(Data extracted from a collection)
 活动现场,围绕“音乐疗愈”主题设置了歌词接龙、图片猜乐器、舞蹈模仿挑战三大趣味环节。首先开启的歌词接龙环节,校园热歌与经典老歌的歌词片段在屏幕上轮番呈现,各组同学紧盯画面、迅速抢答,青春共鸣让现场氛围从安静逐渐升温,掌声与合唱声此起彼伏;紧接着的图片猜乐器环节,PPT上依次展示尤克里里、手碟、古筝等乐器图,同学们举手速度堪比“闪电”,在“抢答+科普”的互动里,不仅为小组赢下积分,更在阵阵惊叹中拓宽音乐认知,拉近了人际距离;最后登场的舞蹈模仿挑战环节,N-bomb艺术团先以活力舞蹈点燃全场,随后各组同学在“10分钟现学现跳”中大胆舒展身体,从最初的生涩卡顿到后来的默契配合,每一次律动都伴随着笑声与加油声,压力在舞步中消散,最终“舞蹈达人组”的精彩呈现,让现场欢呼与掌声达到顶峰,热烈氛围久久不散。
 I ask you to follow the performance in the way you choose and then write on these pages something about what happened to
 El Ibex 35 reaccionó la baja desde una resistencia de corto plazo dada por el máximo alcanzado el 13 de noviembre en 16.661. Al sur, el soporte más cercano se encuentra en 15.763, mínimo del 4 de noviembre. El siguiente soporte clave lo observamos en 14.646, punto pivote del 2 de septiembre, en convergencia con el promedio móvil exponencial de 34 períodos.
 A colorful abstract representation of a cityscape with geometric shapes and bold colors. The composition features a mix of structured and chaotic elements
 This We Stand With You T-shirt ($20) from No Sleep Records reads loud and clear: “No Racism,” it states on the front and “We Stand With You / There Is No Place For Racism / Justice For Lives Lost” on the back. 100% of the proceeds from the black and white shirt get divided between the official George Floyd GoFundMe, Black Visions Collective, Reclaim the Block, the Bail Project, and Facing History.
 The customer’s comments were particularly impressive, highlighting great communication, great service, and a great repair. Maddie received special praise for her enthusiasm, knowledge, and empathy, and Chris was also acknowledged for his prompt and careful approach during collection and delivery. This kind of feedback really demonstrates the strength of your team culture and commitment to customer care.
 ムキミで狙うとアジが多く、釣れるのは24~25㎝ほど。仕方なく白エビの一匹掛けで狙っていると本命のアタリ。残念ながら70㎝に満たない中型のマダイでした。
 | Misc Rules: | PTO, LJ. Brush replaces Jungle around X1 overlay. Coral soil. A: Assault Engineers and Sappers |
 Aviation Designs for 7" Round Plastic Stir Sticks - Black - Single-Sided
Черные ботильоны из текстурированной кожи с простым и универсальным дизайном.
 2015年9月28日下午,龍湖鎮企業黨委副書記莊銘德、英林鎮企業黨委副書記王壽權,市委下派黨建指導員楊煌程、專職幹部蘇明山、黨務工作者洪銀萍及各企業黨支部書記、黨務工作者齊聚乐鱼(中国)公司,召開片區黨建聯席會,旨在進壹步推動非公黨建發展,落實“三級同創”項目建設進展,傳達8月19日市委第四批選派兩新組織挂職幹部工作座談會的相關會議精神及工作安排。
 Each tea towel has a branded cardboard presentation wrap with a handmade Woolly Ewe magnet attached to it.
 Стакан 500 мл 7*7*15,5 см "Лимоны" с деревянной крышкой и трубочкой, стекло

■ PROBLEM DETAILS
Give back all the data exactly as written.

■ OUTPUT OF THE EXERCISE
 活动现场,围绕“音乐疗愈”主题设置了歌词接龙、图片猜乐器、舞蹈模仿挑战三大趣味环节。首先开启的歌词接龙环节,校园热歌与经典老歌的歌词片段在屏幕上轮番呈现,各组同学紧盯画面、迅速抢答,青春共鸣让现场氛围从安静逐渐升温,掌声与合唱声此起彼伏;紧接着的图片猜乐器环节,PPT上依次展示尤克里里、手碟、古筝等乐器图,同学们举手速度堪比“闪电”,在“抢答+科普”的互动里,不仅为小组赢下积分,更在阵阵惊叹中拓宽音乐认知,拉近了人际距离;最后登场的舞蹈模仿挑战环节,N-bomb艺术团先以活力舞蹈点燃全场,随后各组同学在“10分钟现学现跳”中大胆舒展身体,从最初的生涩卡顿到后来的默契配合,每一次律动都伴随着笑声与加油声,压力在舞步中消散,最终“舞蹈达人组”的精彩呈现,让现场欢呼与掌声达到顶峰,热烈氛围久久不散。
 I ask you to follow the performance in the way you choose and then write on these pages something about what happened to
 El Ibex 35 reaccionó la baja desde una resistencia de corto plazo dada por el máximo alcanzado el 13 de noviembre en 16.661. Al sur, el soporte más cercano se encuentra en 15.763, mínimo del 4 de noviembre. El siguiente soporte clave lo observamos en 14.646, punto pivote del 2 de septiembre, en convergencia con el promedio móvil exponencial de 34 períodos.
 A colorful abstract representation of a cityscape with geometric shapes and bold colors. The composition features a mix of structured and chaotic elements
 This We Stand With You T-shirt ($20) from No Sleep Records reads loud and clear: “No Racism,” it states on the front and “We Stand With You / There Is No Place For Racism / Justice For Lives Lost” on the back. 100% of the proceeds from the black and white shirt get divided between the official George Floyd GoFundMe, Black Visions Collective, Reclaim the Block, the Bail Project, and Facing History.
 The customer’s comments were particularly impressive, highlighting great communication, great service, and a great repair. Maddie received special praise for her enthusiasm, knowledge, and empathy, and Chris was also acknowledged for his prompt and careful approach during collection and delivery. This kind of feedback really demonstrates the strength of your team culture and commitment to customer care.
 ムキミで狙うとアジが多く、釣れるのは24~25㎝ほど。仕方なく白エビの一匹掛けで狙っていると本命のアタリ。残念ながら70㎝に満たない中型のマダイでした。
 | Misc Rules: | PTO, LJ. Brush replaces Jungle around X1 overlay. Coral soil. A: Assault Engineers and Sappers |
 Aviation Designs for 7" Round Plastic Stir Sticks - Black - Single-Sided
Черные ботильоны из текстурированной кожи с простым и универсальным дизайном.
 2015年9月28日下午,龍湖鎮企業黨委副書記莊銘德、英林鎮企業黨委副書記王壽權,市委下派黨建指導員楊煌程、專職幹部蘇明山、黨務工作者洪銀萍及各企業黨支部書記、黨務工作者齊聚乐鱼(中国)公司,召開片區黨建聯席會,旨在進壹步推動非公黨建發展,落實“三級同創”項目建設進展,傳達8月19日市委第四批選派兩新組織挂職幹部工作座談會的相關會議精神及工作安排。
 Each tea towel has a branded cardboard presentation wrap with a handmade Woolly Ewe magnet attached to it.
 Стакан 500 мл 7*7*15,5 см "Лимоны" с деревянной крышкой и трубочкой, стекло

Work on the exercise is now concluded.